The state and the far right
Two weeks ago the MAT riot police in Piraeus provided a fresh illustration of the relationship between the repressive state and the fascists of Golden Dawn. They coordinated with a fascist squad – led by Lagos, one of the MPs and defendants in the ongoing trial – to attack an anti-fascist rally at the port. The anti-racist movement defended itself from the attack and has defied police bans on further protests in the area.
The lawyers of the Jail Golden Dawn initiative, who have looked through many thousands of pages of evidence of scores of fascist crimes, were able to link some of the fascists to previous attacks, and also to demonstrate police indifference or possible collusion on the day.
A second case has at the same time helped to throw renewed light on the state/fascist nexus. Five years ago there was nothing short of a pogrom in the centre of Athens. For a couple of days in May 2011 there was open violence on the run-down streets just south of Omonoia Square.

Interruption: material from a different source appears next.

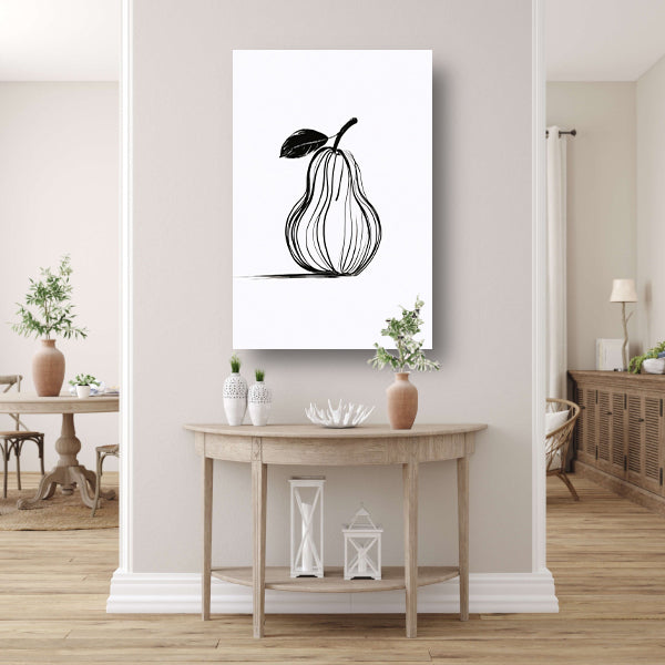 Minimalistische Lijn Kunst Peer met Blad canvas met baklijst

Anyone who “looked foreign” risked being beaten. Golden Dawn leaders – including Kasidiaris – and cadres were at the centre of the organised attacks. But the state prosecutor never pressed charges against the perpetrators with the danger that they would run out of time.
In a further case, a week ago, it became clear that the authorities had somehow “lost the file” of evidence of a Golden Dawn attack on a social centre called “Synergio”. Anti-fascist lawyers were able to locate copies of the missing file (from the archived bundle of the overall trial of Golden Dawn as a criminal conspiracy) and resubmit them, forcing the judicial authorities to press ahead with the next stage of the long delayed prosecution.
As the lawyers point out, while this file (and others) have “gone missing” the state has never managed to lose a single one of the files of the vexatious cases ranging from defamation to false allegations of assault brought by the fascists against the left and the anti-racist movement. Not one.
The Piraeus attack and the near collapse due to statute of limitation of the prosecution arising from 2011 underscore a key truth: the collusion between parts of the Greek state and Golden Dawn did not end with the fall of the Samaras government or with the beginnings of the prosecution of the fascists in September 2013.
The ongoing collusion settles any outstanding confusion about what brought about the shift by the Samaras government in the wake of the murder of Pavlos Fyssas from backchannel political collaboration with the fascists to – after a delay of over a week (in which vital evidence might have been collected) – authorising their prosecution.
The three cases this month demonstrate that what happened in September 2013 was not some metamorphosis of the Greek state into an anti-fascist force. Instead, the enormous eruption of the anti-fascist movement in 2013 threatened to destroy an already enfeebled government. In the atmosphere of acute political crisis, it was forced to turn to prosecuting the fascists.
There were dozens of dusty files which the state had been sitting on for years. The movement forced the prosecution.
But the moment the sense of crisis has lessened, then arms of the state have again obfuscated, delayed and returned to the practice of tolerance for the fascists. The trial of Golden Dawn has been in abeyance for three months due to the lawyers’ strike. In that hiatus not only have the fascists sought to regain initiative, so have elements of the state also sought to bury the prosecution of the 2011 attacks.
A huge amount is at stake in the trial and in the anti-fascist mobilisations over the coming months, which will provide the critical backdrop for the three judges’ deliberations. The outcome will determine the immediate evolution of the fascist threat in Greece and of the state’s relationship to it.
That evolution is not foreordained. It will depend on the outcome of the struggle. And the primary struggle is not between the centre and the far right, between the state and the fascists. It is of the working class and the left not only against the fascists, but against the state and the government also.